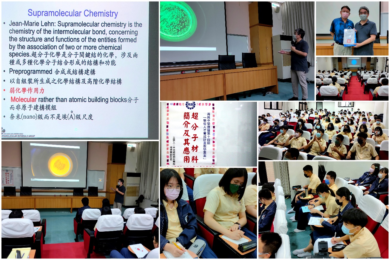 第14屆學術人才養成計畫在8月5日(五)下午,再度邀請中央研究院化學所孫世勝副所長蒞校,以「超分子材料簡介及其應用」為題進行演講。以下是高三同學講座報導:
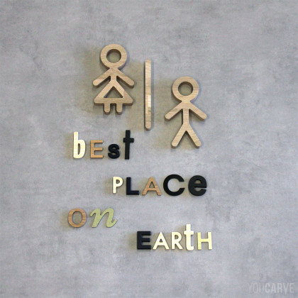 Composition créative de lettres de différentes tailles et matériaux (PVC expansé, aluminium dibond et bois).
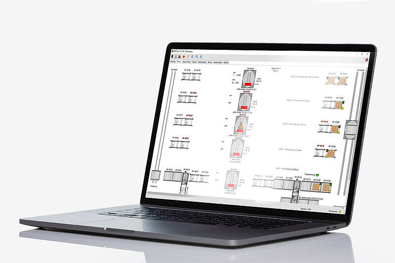 Ein weiterer Vorteil unserer Softwarelösungen: die Visualisierung aller Prozesse. Das gibt den Anwendenden nicht nur einen Überblick über alle Transportprozesse und aktuell gelagerten Waren, sondern ermöglicht auch das manuelle Eingreifen beispielsweise im Störungsfall oder aufgrund der Priorisierung eines Auftrags.
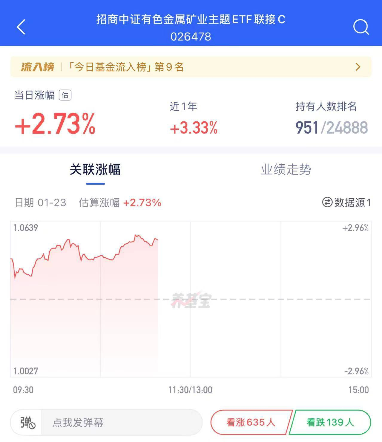 贵金属确定性越来越高,有色板块今日大涨直接印证,招商中证有色金属矿业主题ETF发
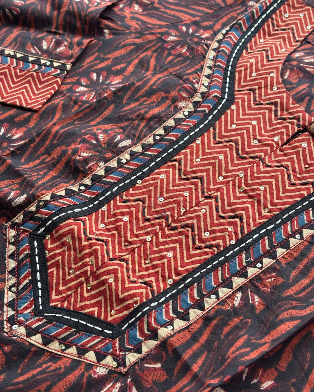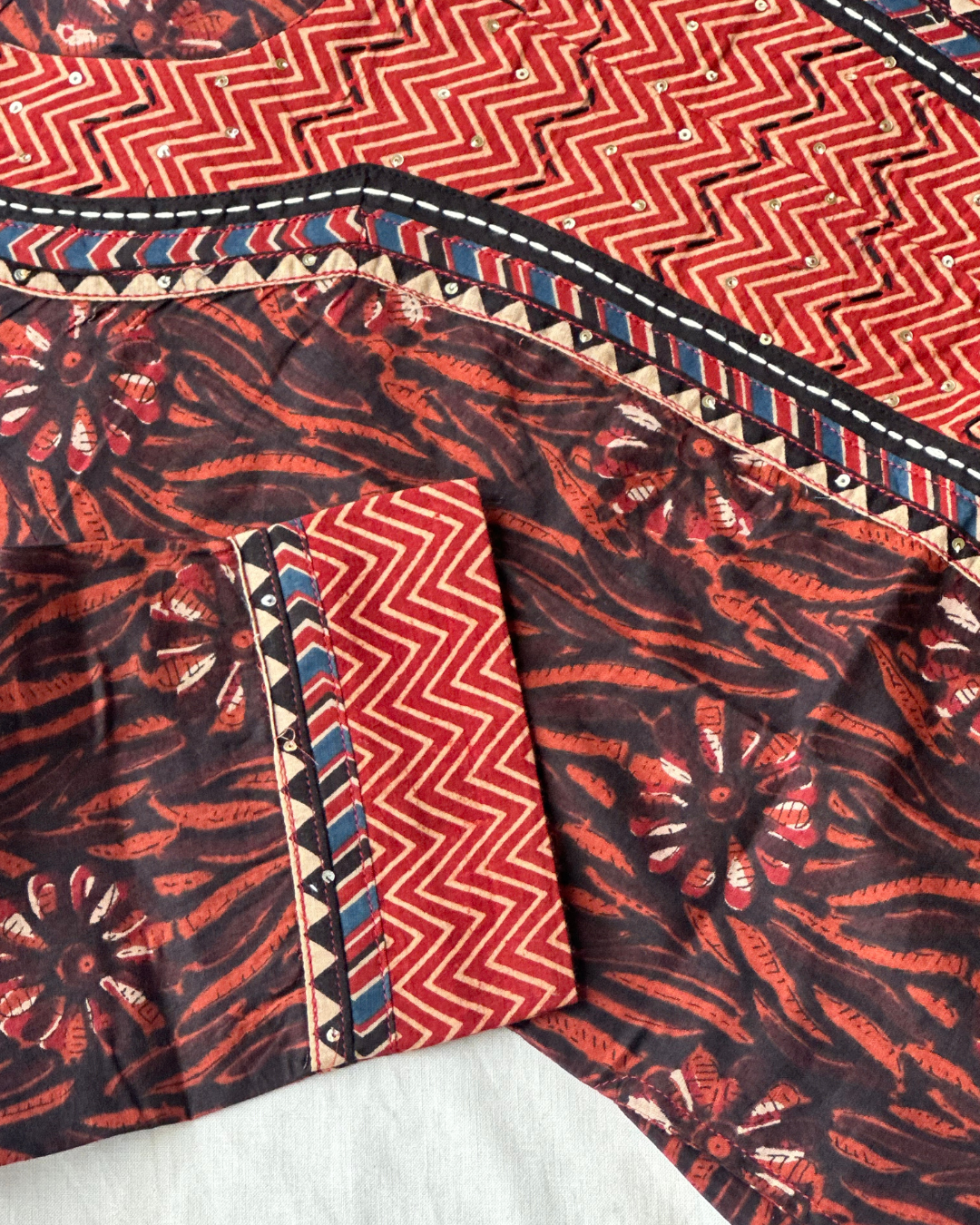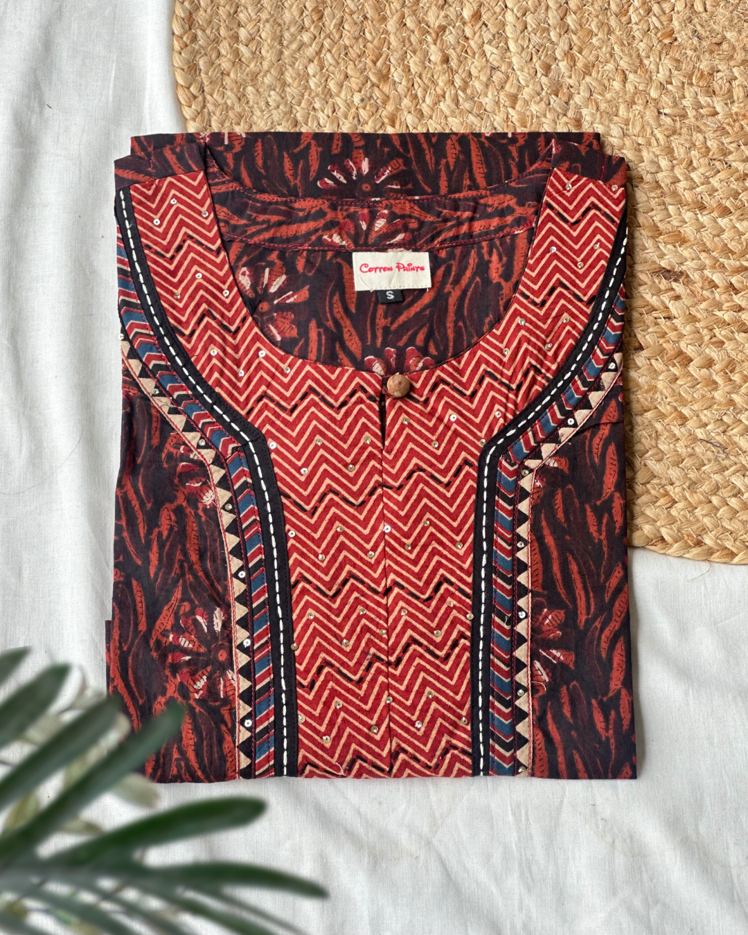 This soft cotton kurti features earthy handblock-style florals with a bold red zig-zag yoke and intricate border detailing. A comfortable, breathable piece with a beautifully crafted ethnic touch.
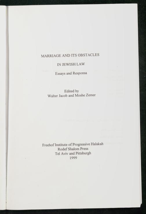Marriage and its obstacles in Jewish law : essays and responsa / edited by Walter Jacob and Moshe Zemer
──────────
Exercise » Everything above from the line containing "Composition créative de" through the line containing "This soft cotton" must be repeated exactly, and the pictures must be left out.

Written answer »
 Composition créative de lettres de différentes tailles et matériaux (PVC expansé, aluminium dibond et bois).
 Ein weiterer Vorteil unserer Softwarelösungen: die Visualisierung aller Prozesse. Das gibt den Anwendenden nicht nur einen Überblick über alle Transportprozesse und aktuell gelagerten Waren, sondern ermöglicht auch das manuelle Eingreifen beispielsweise im Störungsfall oder aufgrund der Priorisierung eines Auftrags.
 贵金属确定性越来越高,有色板块今日大涨直接印证,招商中证有色金属矿业主题ETF发
 This soft cotton kurti features earthy handblock-style florals with a bold red zig-zag yoke and intricate border detailing. A comfortable, breathable piece with a beautifully crafted ethnic touch.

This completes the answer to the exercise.